You won't find any carved potato menorahs at the gallery in Cedarhurst. Some of the items part of the collection date as far back as 1650 and are worth more than a potato.
A Ukrainian menorah on display in the shop, a chiseled silver sheet placed on top of another and gilded, was made around 1840 and is valued at $200,000.
Greenstein started collecting when he was 14 years old. The historical characteristics to some pieces along with the whimsical nature of others were a source of admiration.
For example, the boat-shaped menorah, created in Poland in 1830, could fetch $20,000 at auction.
There's a reason for the wide variety in menorahs throughout the centuries.
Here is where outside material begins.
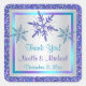 This festive and inexpensive PRINTED glittery purple, turquoise blue, teal, pink, and silver grey snowflakes wedding favour sticker and/or envelope seal matches the winter or Christmas wedding invitation shown below.
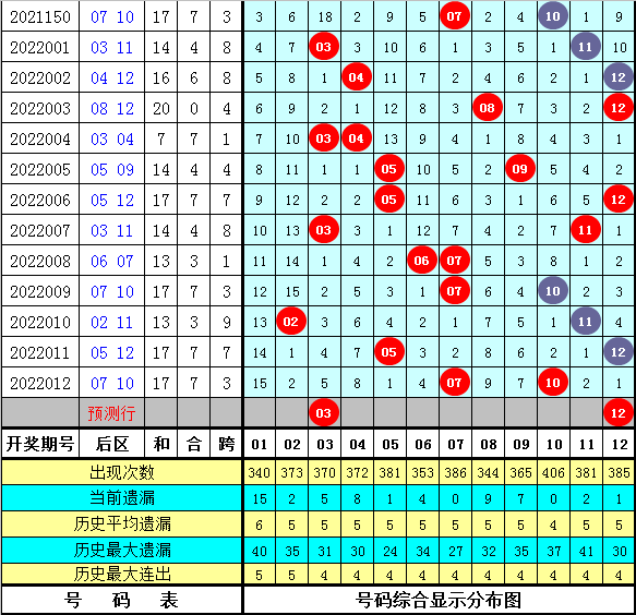 后区分析:最近7周星期三全大出现4期,全小出现0期,一大一小出现3期;全奇出现1期,全偶出现1期,一奇一偶出现5期,本期后区两码参考03和12。

"The Jews never really had their own style of art until the Bezalel School in 1907," Greenstein said. "So they basically took on whatever style where they were at that given time."
However, not all of these pieces go for exorbitant amounts. Many customers come in to the gallery to get an estimate on a family menorah, but do not part ways with it. Menorahs are a family heirloom that gets passed down from generation to generation.
"Nothing makes us happier than when someone asks us a value and decide not to sell it," Greenstein said. "They decide they just wanted to know the value for insurance purposes, but wanted to know the piece's history."
That may not be the best business model, but it's one that puts tradition and family first.